21 Mar

Trusting strangers

Captain's log, 20:37, 15 March 2214
Location: Wide orbit near Earth Moonbase, Home System
Status: Stationary and powered down

 

This is Captain Warwick reporting.

I wish I had better things to enter into this report. My ship is disabled, all of her major systems offline. Monaghan says there’s severe hardware damage but he assures me that the software should be fine. Starry is okay; she’s just offline for now.

Even I know that taking an AI offline is a dangerous move. Or rather, re-initialising them is the tricky part. But Monaghan says that he can get her back up, so I’m leaving him to it. I have to trust that he knows what he’s doing; he hasn’t failed us yet.

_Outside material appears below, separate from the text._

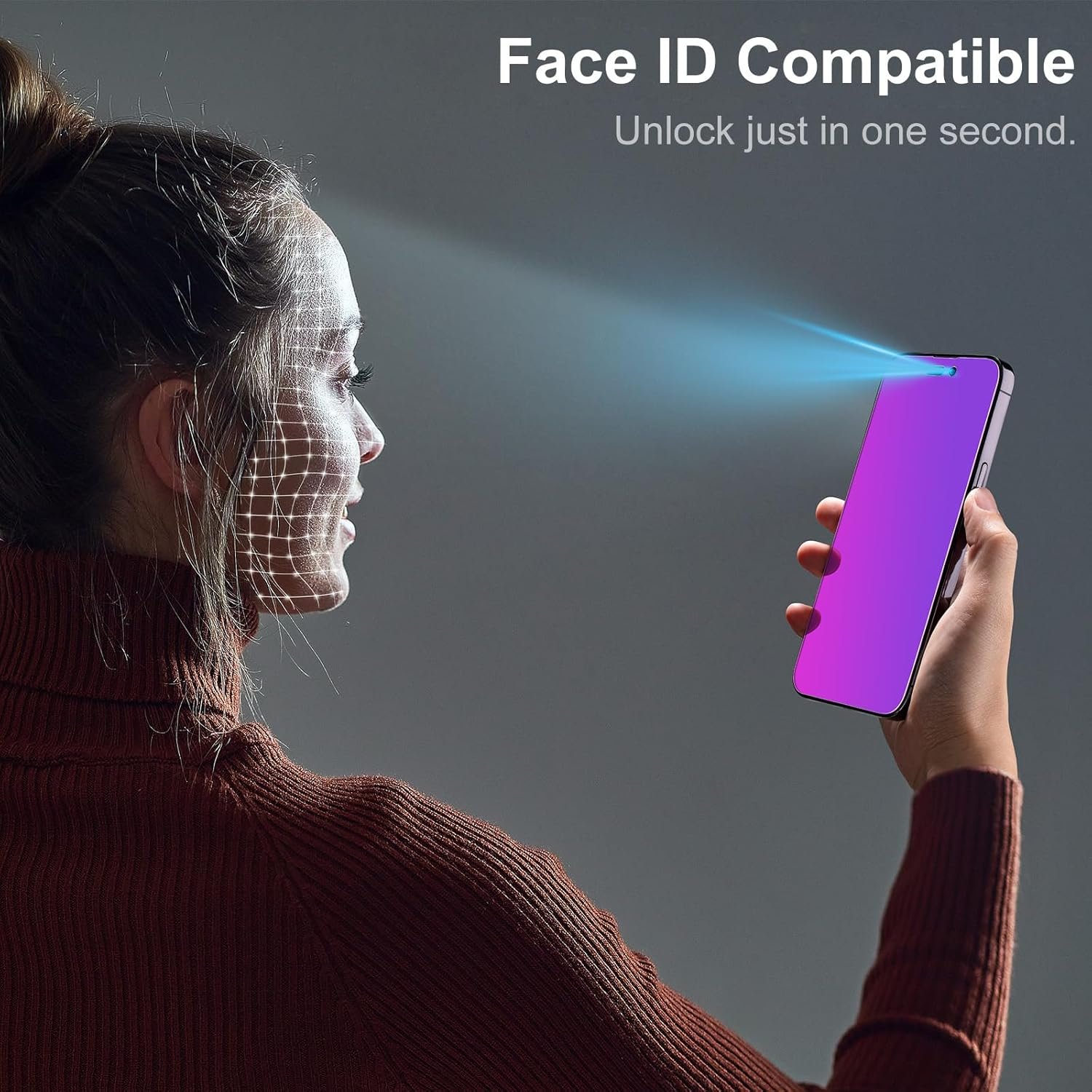 ANTI BLUE LIGHT – Our screen protector film effectively filters out 90% of blue light, ensuring your eyes feel comfortable and healthy during prolonged phone usage. Reduced eye strain and enjoy screen time without compromising your well-being.

I’m not proud of how I reacted last night. Starry going down… I thought we were losing her. Really losing her. It was worse than facing down an angry star threatening to blow us all up. At least if that had happened, we wouldn’t have been here to miss our ship. Our Starry.

Perhaps I should just put the sensor log in here. The logging system is still running, at least.

 

Recording: 23:01, 14 March 2214
Location: Cargo Bay 3

STARRY: (looking at the captain) Keep you safe. (The hologram shatters, raining light.)

CAPTAIN: STARRY!

LANG LANG: (gasps and covers her mouth with a hand. Her eyes fill with tears.)

ROSIE: (blinks strickenly at the spot where the avatar was, then tenses her jaw and levels her weapon at the rescuees again. Her grip is so tight on her gun that her knuckles turn white.)

CAMERON: (presses her lips together unhappily but doesn’t take her attention off the star’s avatar.)

CAPT: MONAGHAN! Report!

(Silence.)

CAPT: Monaghan, you’d better–

CAMERON: (checking her forearm display) Captain, the internal comms are down. He can’t hear you.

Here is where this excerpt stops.